Lucas went home to think.
14
Late that same afternoon, R-A was standing behind the counter in the hardware store, while another clerk, Dick, was out in the small engine shop demonstrating a STIHL brushcutter before loading it in the back of a customer’s truck.
Andy O’Neill, who ran the local carpet store, wandered in, carrying a broken white PVC cap. “Hoped you were still open,” he said. “Run over the goldarn vent pipe for the septic with my lawn mower. You got any caps like this?”
“Six-inch,” R-A said. “We oughta have a few. You bust the pipe, too?”
“Just down to ground level. I’m gonna cut the broken part off with a hacksaw, stick the cap on. Never wanted it sticking up like that, anyway.”

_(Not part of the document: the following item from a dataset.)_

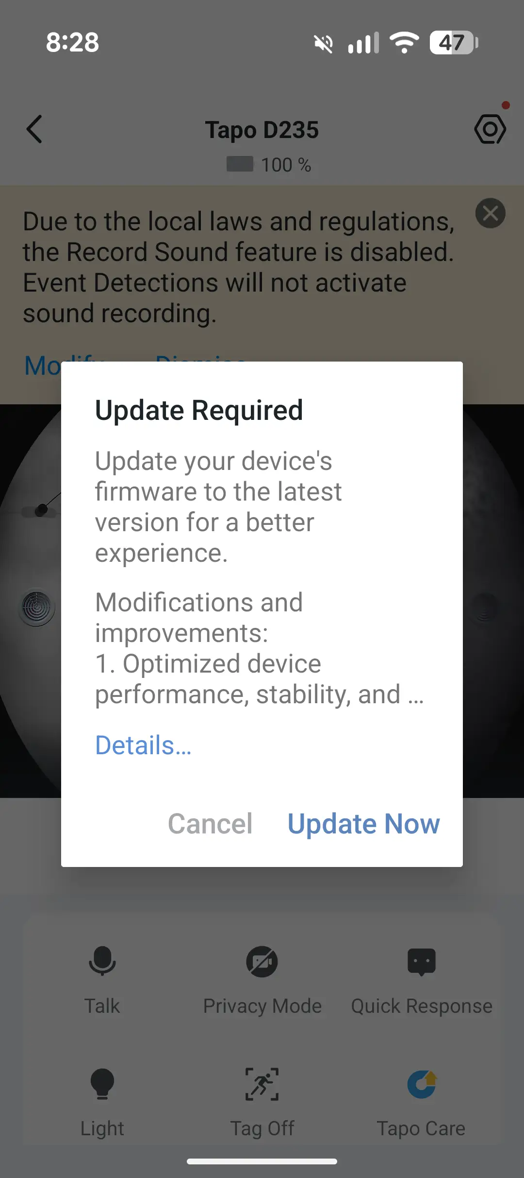 System Notification with Snapshot (Tapo Care Services)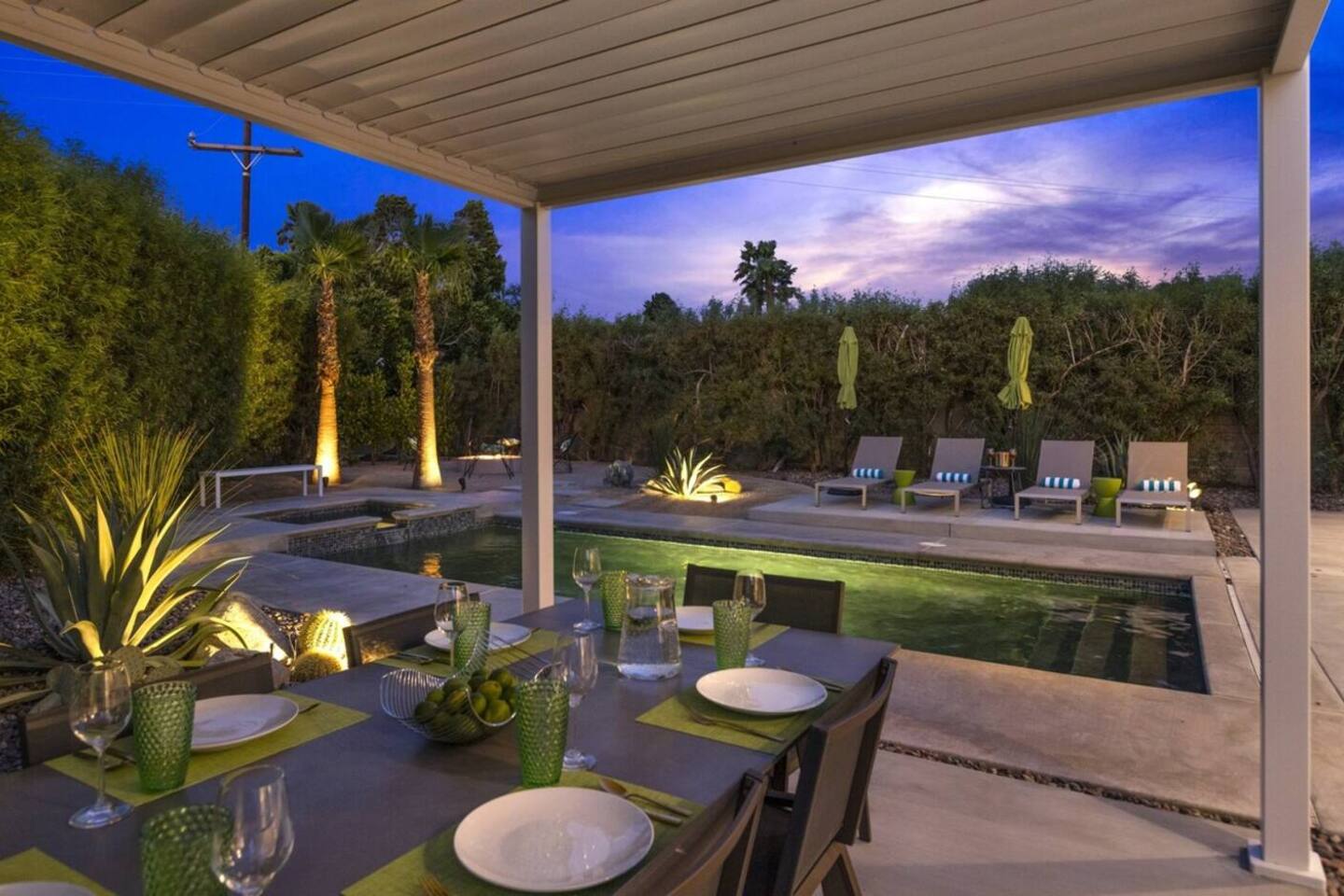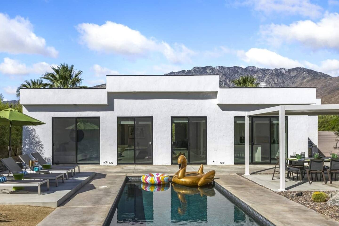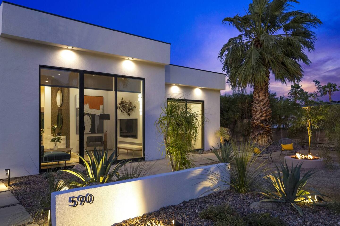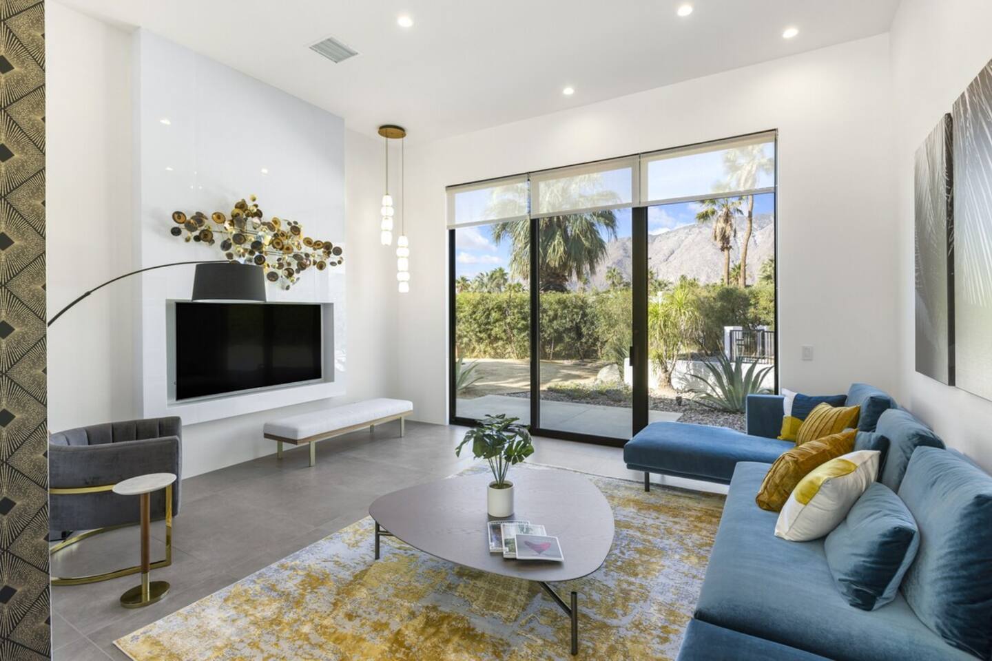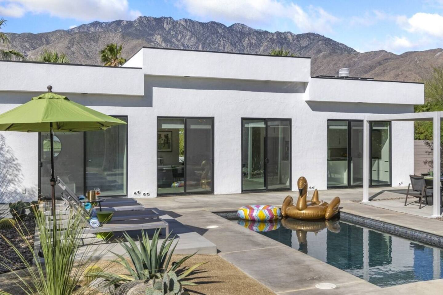 Completely remodeled in 2021, Desert Modern Retreat blends sleek modern design with high-end comfort. Soaring ceilings, brand-new finishes, and curated furnishings set the tone for a luxury stay. Relax in the spacious living room with stunning mountain views, or step into your private backyard oasis with a sparkling pool, spa, firepits, and outdoor dining under the palms. Centrally located in a quiet, well-kept neighborhood just two blocks from Victoria Park, the home is only 5 minutes from downtown Palm Springs’ top dining, shopping, and nightlife. Perfect for couples, friends, or families, with premium amenities and thoughtful touches throughout. Highlights: 2 spacious bedrooms with premium mattresses (Tuft & Needle + Casper), Smart TVs 2 spa-inspired bathrooms with walk-in showers + solid stone soaking tub Chef’s kitchen with new appliances, fully stocked for cooking & entertaining Resort-style backyard: pool, spa (complimentary spa heat, pool heat available), firepits, chaise loungers, covered dining, BBQ grill Fiber internet (1 Gig) + mesh WiFi, desk & chair for remote work Smart TVs in living room + primary bedroom with streaming Attached 2-car garage, washer/dryer, central HVAC Your Palm Springs escape awaits. Licensed Vacation Rental | City of Palm Springs ID#4984

“That oughta work,” R-A said. He took the cap and led O’Neill back to the plumbing section, found the replacement cap. “You need a hacksaw?”
“Got one,” O’Neill said.
When he was ringing up the sale, R-A caught O’Neill . . . peering at him.
“What? I got a hickey on my neck?”
“No, no,” O’Neill said. He was a tall man, as heavily muscled as R-A. “I been watching that Black Hole investigation thing. This girl over in Zumbrota says some postal clerk did it. They had a picture of him. You look like his brother, or something. You related?”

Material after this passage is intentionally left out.